Partis en week-end romantique, et avec le dessein d'une demande en mariage de la part de monsieur, Sage et Diego découvrent la superbe maison qu'ils ont louée au bord d'un lac... quand un autre couple, Cin et Wil, arrive également sur les lieux disant avoir également réservé la demeure sur la même période.
D'un commun accord, les quatre vacanciers acceptent de séjourner sous le même toit. Très rapidement, les questions posées par Cin et Will sur leur relation créent un certain malaise chez Sage et Diego... Vraiment dommage que, comme nous, ces derniers n'aient pas vu la scène d'ouverture de "Bone Lake", où un couple nu tentait d'échapper aux flèches d'une arbalète tirées en pleine forêt, afin de se douter que quelque chose de très louche se tramait à leur encontre.
Un conjoint aveuglé par ses ambitions d'écrivain et sur le point de faire sa demande à une femme qui est en train de sacrifier sa carrière pour lui, en plein doute sur leur relation (même sur un plan sexuel)... Autant dire que l'élément perturbateur, représenté par le duo Cin et Will, bien plus libéré à tous les égards, a un bon vivier pour s'amuser à titiller leurs colocataires de circonstances sur leurs failles de couple et à chercher tour à tour à les faire succomber à leurs charmes.
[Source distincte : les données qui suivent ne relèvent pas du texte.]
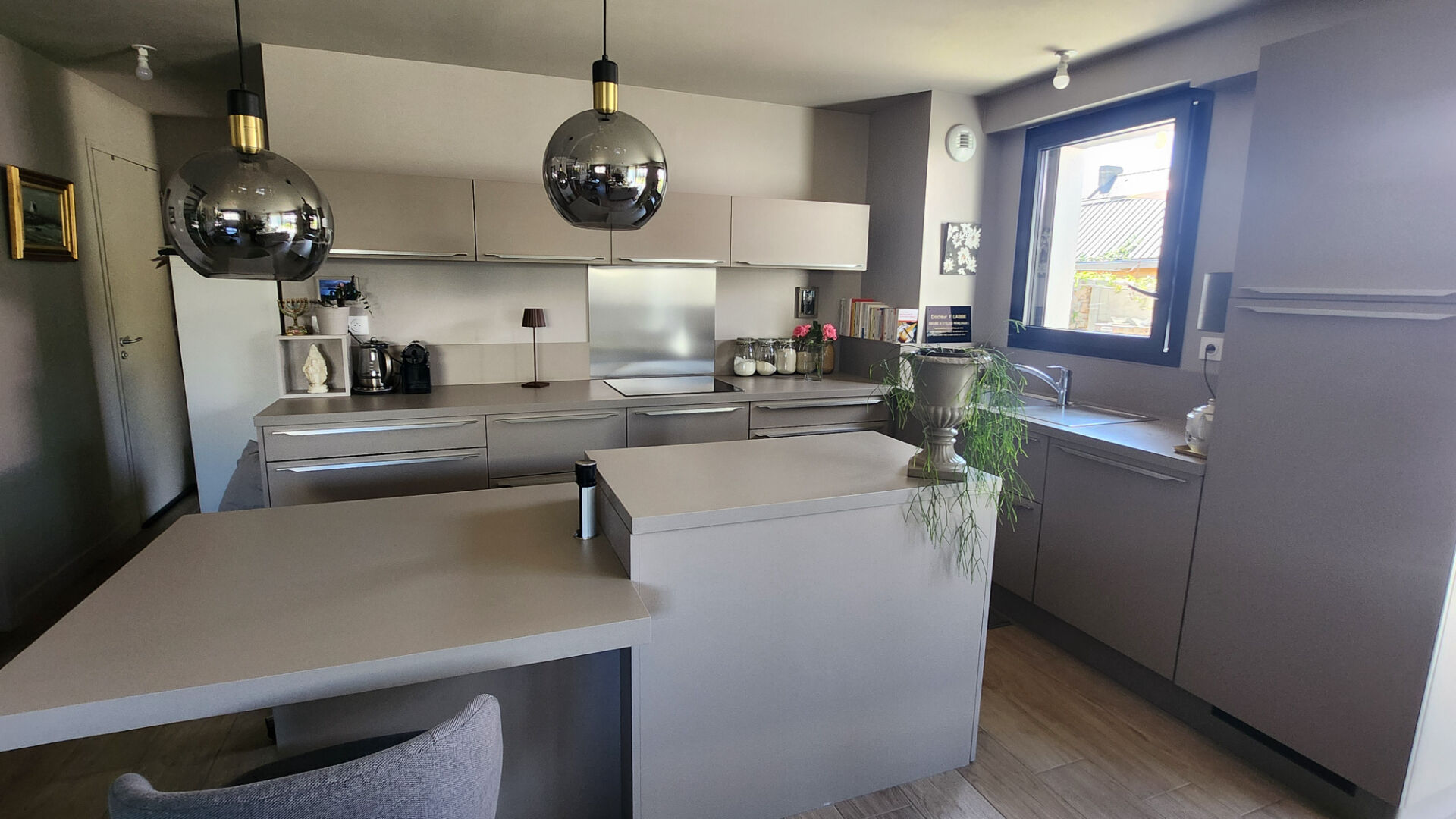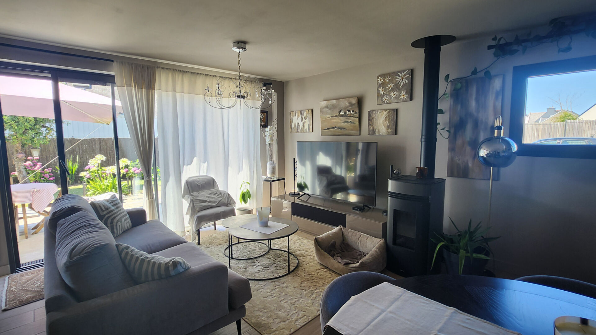 BELZ CENTRE - Maison de charme en ossature bois de 2022 comprenant au RDC: un salon-séjour avec poêle à granulés, une cuisine aménagée équipée, un cellier, une chambre avec salle d'eau attenante, un wc. A l'étage: un espace bureau / mezzanine, 2 chambres, une salle de bain avec wc. Garage. Beau jardin paysager d'environ 605 m². Commerces à proximité immédiate.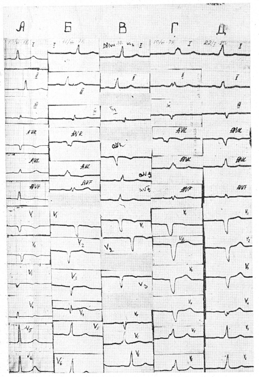 Проведено лечение интенкордином, оротатом калия, кокарбоксилазои. Назначены настой валерианы, седативные средства, витамины. Отмечена непереносимость хинидина, аймалина, новокаинамида. Приводим пять электрокардиограмм (см. рис.).

Thriller érotico-soft se pensant sans doute terriblement sulfureux (spoiler: non), "Bone Lake" se contente de creuser le sillon de nombreux autres passés avant lui, avec un couple dysfonctionnel manipulé par un autre qui, pour des raisons encore obscures, a juré sa perte. Pas déplaisant à suivre dans un premier temps si l'on accepte de se prêter au jeu, ce qui ressemble à un épisode de "L'île de la Tentation" dans le huis-clos de cette villa en bord de lac plein de squelettes n'a tout de même pas grand chose à offrir de neuf à ce type d'intrigue en mode jeu de séduction pervers et a aussi du mal à passer le cap de certaines réactions irrationnelles (pas plus de questions que ça de la part des héros sur certaines pièces de la maison ou, le pire, ce moment crucial volé à Diego par Will lors d'un petit déjeuner, personne n'aurait laissé passer ça même si le film tente tout pour nous le faire avaler).
Toutefois, "Bone Lake" a pour lui l'étonnante générosité de son dernier acte, non pas du côté de ses révélations (un certain côté déviant sonne trop artificiel, comme s'il était là pour contrer l'aspect finalement très sage de tout ce qui a précédé), mais dans la violence de la confrontation tant attendue entre couples qui amène le film dans un registre de survival sanglant que l'on n'avait pas forcément vu venir pour un résultat plutôt fun, jusqu'à son plan final très bien trouvé.
Ce ne sera pas assez pour sauver "Bone Lake" de son statut de petit thriller oubliable mais cela aura au moins le mérite de nous le faire quitter sur un sourire loin d'être feint.